→ Exercise prompt: Write every line below out again exactly, images omitted.
- - - - - - -
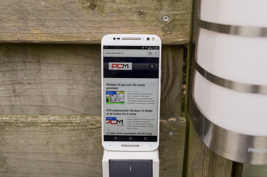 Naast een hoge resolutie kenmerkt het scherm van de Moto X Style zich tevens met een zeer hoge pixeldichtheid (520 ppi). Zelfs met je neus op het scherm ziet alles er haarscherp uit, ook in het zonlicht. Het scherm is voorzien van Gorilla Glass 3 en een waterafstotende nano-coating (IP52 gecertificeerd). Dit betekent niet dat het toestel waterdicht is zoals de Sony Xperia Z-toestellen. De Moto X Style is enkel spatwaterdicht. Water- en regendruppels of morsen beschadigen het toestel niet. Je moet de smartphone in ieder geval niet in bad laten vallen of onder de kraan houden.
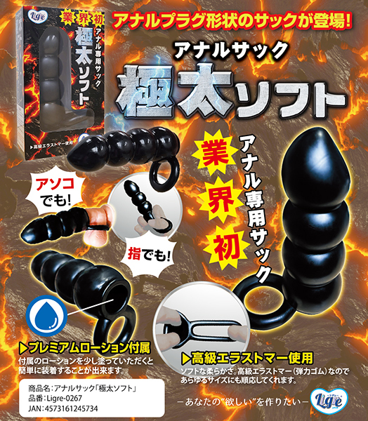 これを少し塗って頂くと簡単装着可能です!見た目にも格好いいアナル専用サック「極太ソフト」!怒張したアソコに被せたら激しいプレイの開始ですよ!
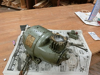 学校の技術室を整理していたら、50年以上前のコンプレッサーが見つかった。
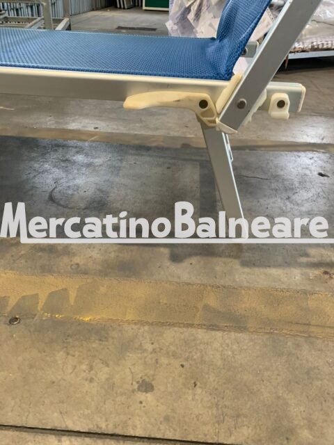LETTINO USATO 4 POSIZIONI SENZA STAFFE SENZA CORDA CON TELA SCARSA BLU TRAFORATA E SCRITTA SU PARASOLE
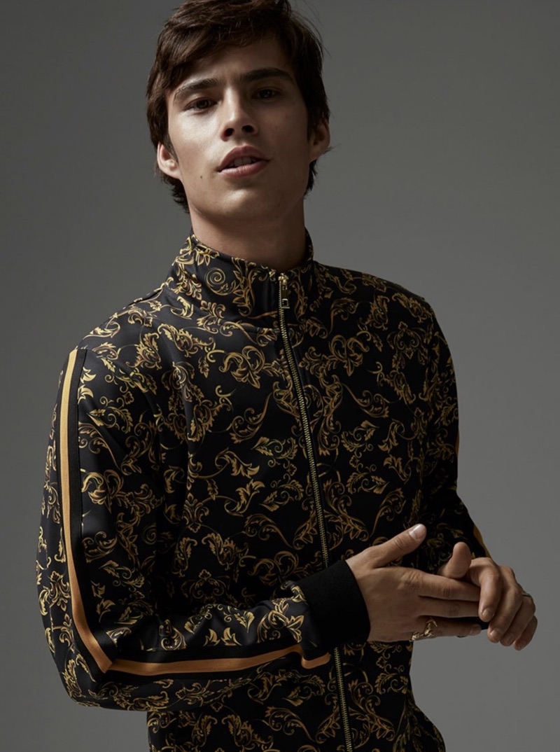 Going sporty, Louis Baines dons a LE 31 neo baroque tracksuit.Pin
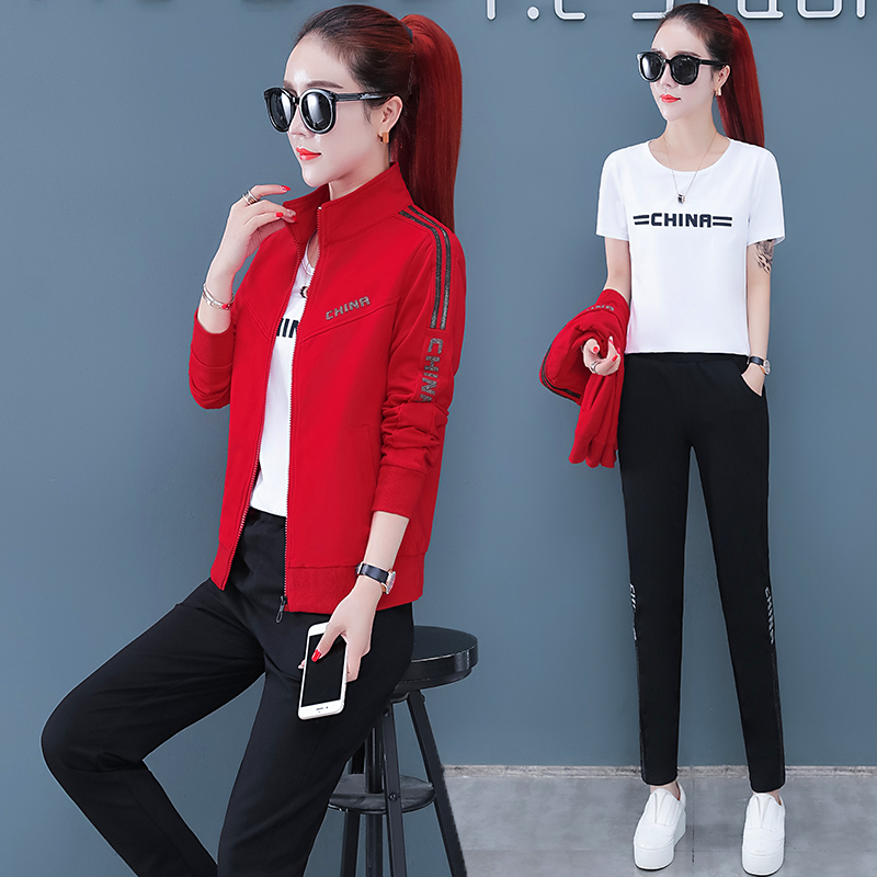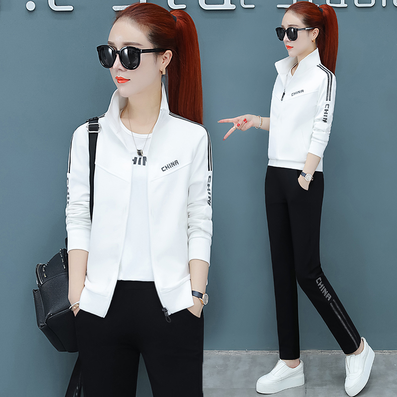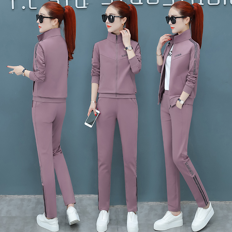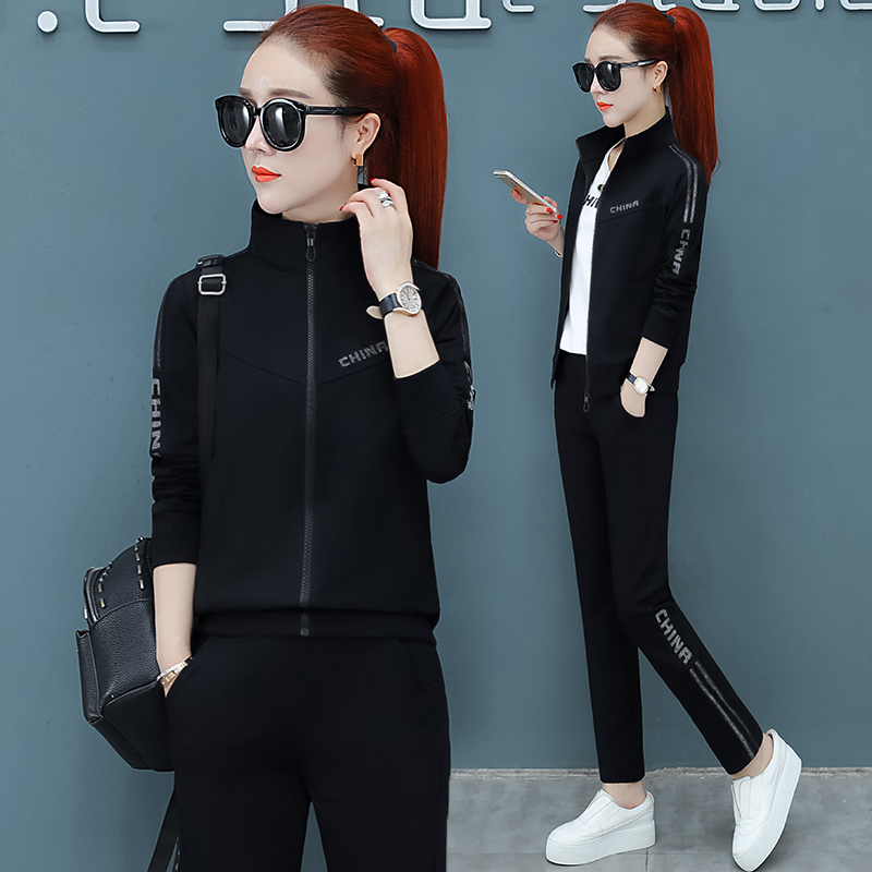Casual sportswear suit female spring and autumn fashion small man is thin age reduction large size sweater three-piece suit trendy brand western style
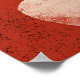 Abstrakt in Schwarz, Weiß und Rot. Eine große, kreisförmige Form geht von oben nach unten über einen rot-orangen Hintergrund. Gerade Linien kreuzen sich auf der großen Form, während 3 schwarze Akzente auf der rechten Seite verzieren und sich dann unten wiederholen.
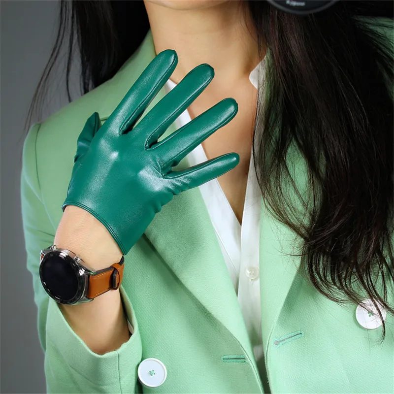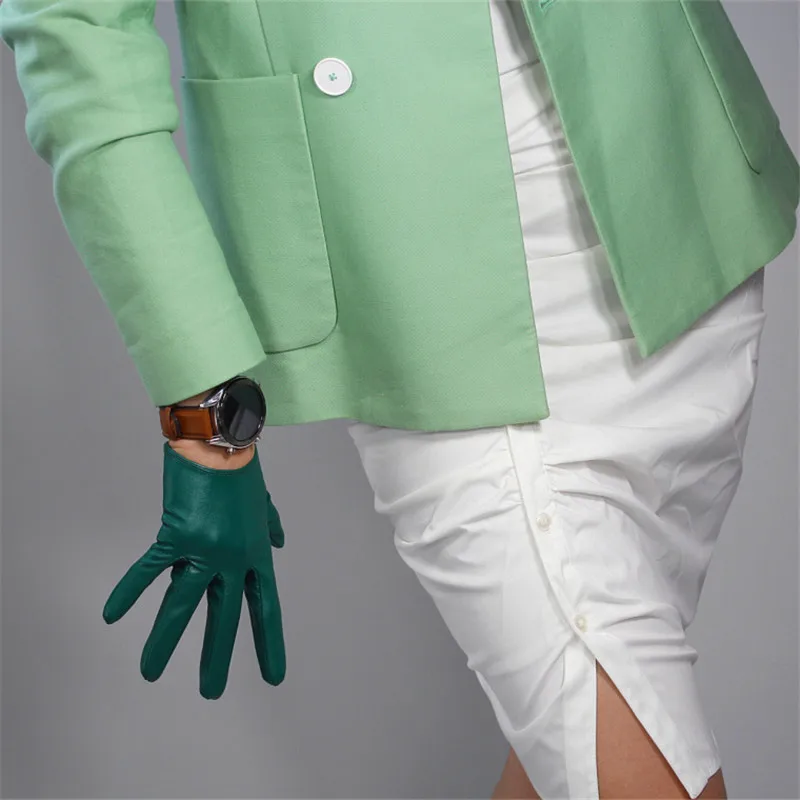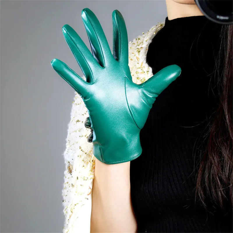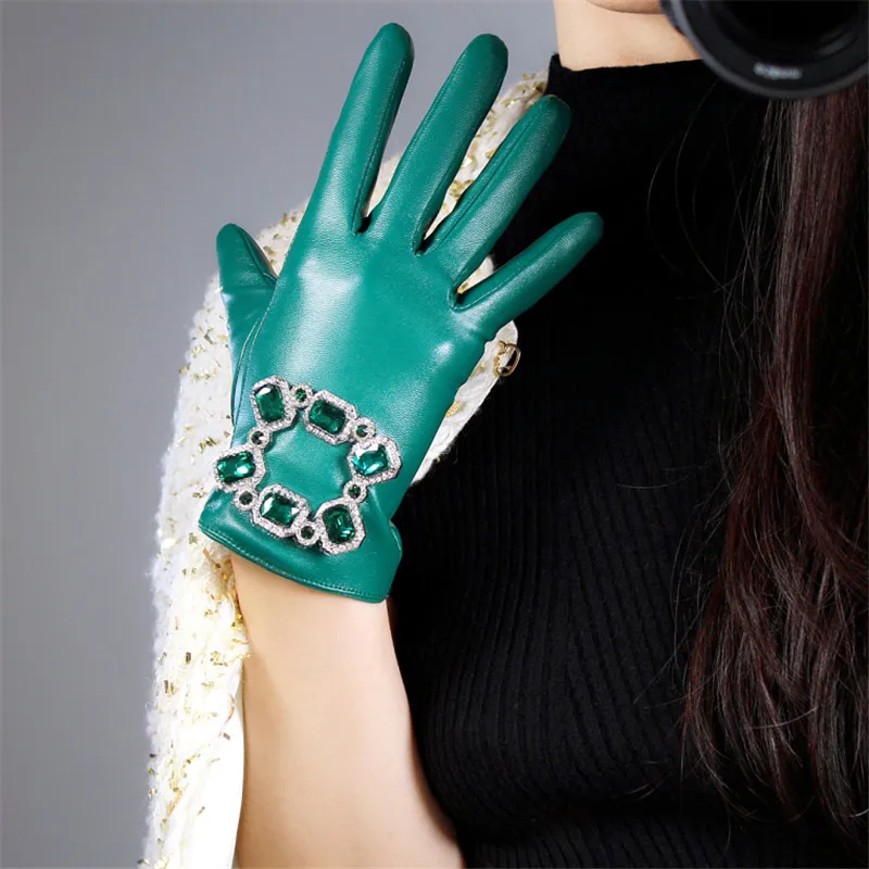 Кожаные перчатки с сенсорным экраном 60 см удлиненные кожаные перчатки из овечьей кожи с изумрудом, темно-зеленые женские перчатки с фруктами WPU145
- - - - - - -
→ Reply to the task:
 Naast een hoge resolutie kenmerkt het scherm van de Moto X Style zich tevens met een zeer hoge pixeldichtheid (520 ppi). Zelfs met je neus op het scherm ziet alles er haarscherp uit, ook in het zonlicht. Het scherm is voorzien van Gorilla Glass 3 en een waterafstotende nano-coating (IP52 gecertificeerd). Dit betekent niet dat het toestel waterdicht is zoals de Sony Xperia Z-toestellen. De Moto X Style is enkel spatwaterdicht. Water- en regendruppels of morsen beschadigen het toestel niet. Je moet de smartphone in ieder geval niet in bad laten vallen of onder de kraan houden.
 これを少し塗って頂くと簡単装着可能です!見た目にも格好いいアナル専用サック「極太ソフト」!怒張したアソコに被せたら激しいプレイの開始ですよ!
 学校の技術室を整理していたら、50年以上前のコンプレッサーが見つかった。
LETTINO USATO 4 POSIZIONI SENZA STAFFE SENZA CORDA CON TELA SCARSA BLU TRAFORATA E SCRITTA SU PARASOLE
 Going sporty, Louis Baines dons a LE 31 neo baroque tracksuit.Pin
Casual sportswear suit female spring and autumn fashion small man is thin age reduction large size sweater three-piece suit trendy brand western style
 Abstrakt in Schwarz, Weiß und Rot. Eine große, kreisförmige Form geht von oben nach unten über einen rot-orangen Hintergrund. Gerade Linien kreuzen sich auf der großen Form, während 3 schwarze Akzente auf der rechten Seite verzieren und sich dann unten wiederholen.
 Кожаные перчатки с сенсорным экраном 60 см удлиненные кожаные перчатки из овечьей кожи с изумрудом, темно-зеленые женские перчатки с фруктами WPU145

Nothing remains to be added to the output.